Another commonly used form of this type of CodeGen is to use custom configuration data to generate code classes. Whether this source data is stored in an XML file, database table, or any other type of data store the purpose is the same. Consistent images of code can be created from the configuration data before each build in order to blur the line between application code and configuration.


I do feel that it is justified in noting one additional category of code generation techniques. Evironmental CodeGen refers to the process of gathering environmental data and using it to create code. In this context, environmental data can be server information, file properties, security information, or anything else that is dynamic and describes the state of a given environment. The distinction between environmental CodeGen inputs and configuration CodeGen inputs is that the designer or user may not know what the inputs will be for a given execution of the generation cycle.

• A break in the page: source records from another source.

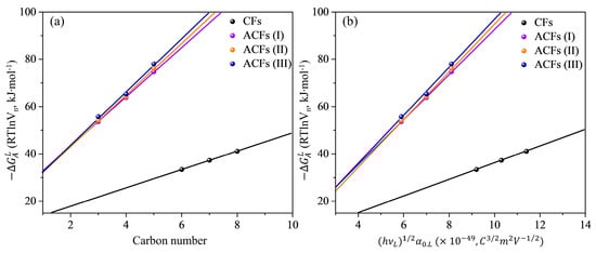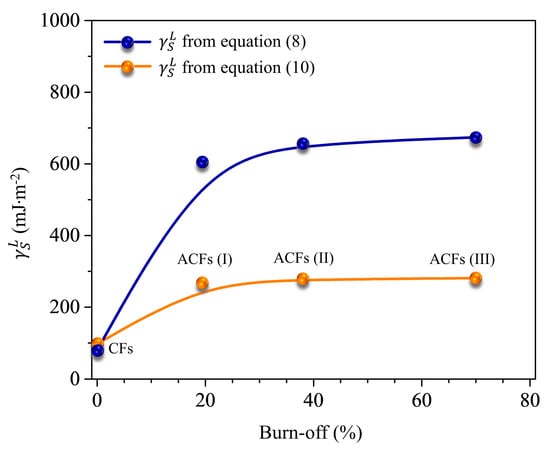 As previously reported by several researchers [24,25,26,27,33], it is now generally accepted that the of an ACF sample either determined from Gray’s method, Equation (8), or Park’s method, Equation (10), can be taken as a measure of its surface free energy. However, as Figure 2 shows that the values of calculated from Gray’s method are much greater than those determined using Park’s method. They are in the typical primary region (e.g., metal–metal bonds of mercury and tin are 475 and 526 mJ·m−2, respectively) [34]. Using our approach, they are ~300 mJ·m−2 and are consistent with the regime dominated by physical adsorption, which seems a more reasonable interpretation for highly porous and hydrophobic materials.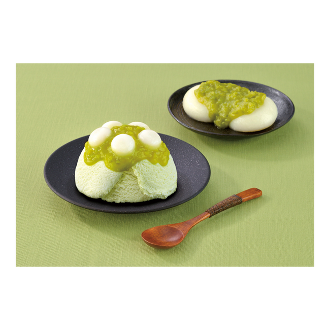 アイスには枝豆ペーストを配合し、なめらかで舌触りの良い、やさしいずんだ味に仕上げました。北海道産生クリームを使用し、ミルクのコクとバニラの香りを合わせることで、枝豆の風味を引き立てたまろやかな甘さが特長です。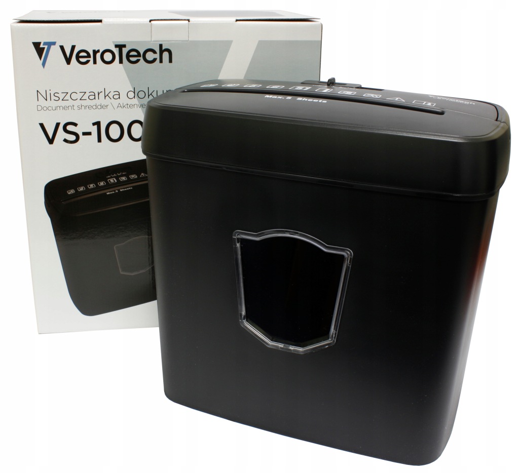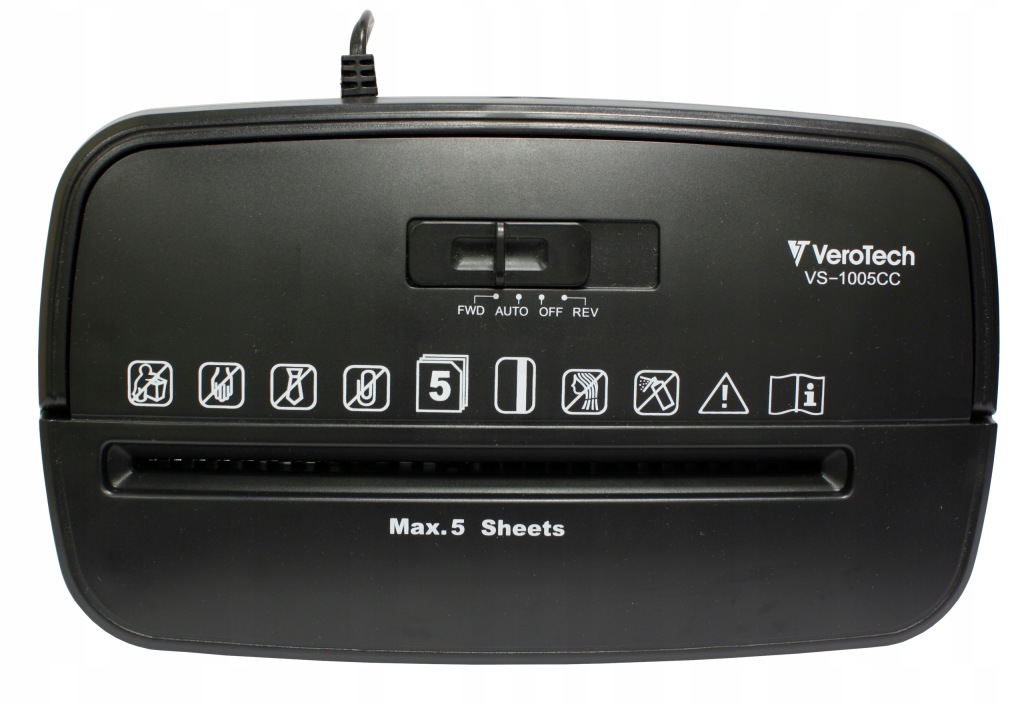 подрібнювач Verotech VS-1005cc використовується для знищення документів і ідеально підходить для офісу і домашнього використання. Він здатний знищувати до 5 аркушів паперу формату А4 за один раз. Він має функцію автоматичного запуску / зупинки та функцію скасування застрягання.

My company uses an example of this type of code generation to generate HTML code that describes the versions of applications in all of the different technical environments. Although HTML walks the line of actually qualifying as code (since it is interpreted, not compiled) the concept holds true.

The last note about the environmental CodeGen approach reiterates an important distinction. A process that writes out a report should not be thought of as CodeGen. The results of the CodeGen operation should always be inputs into some compilation or other code utilization process. CodeGen is not simply scripting, but scripting can be CodeGen.

To summarize, I do believe that code generation is an amazing concept that everyone should be considering in today’s world of software development. It is important to spend time first understanding your problem, then knowing which approaches and tools will best suit your needs.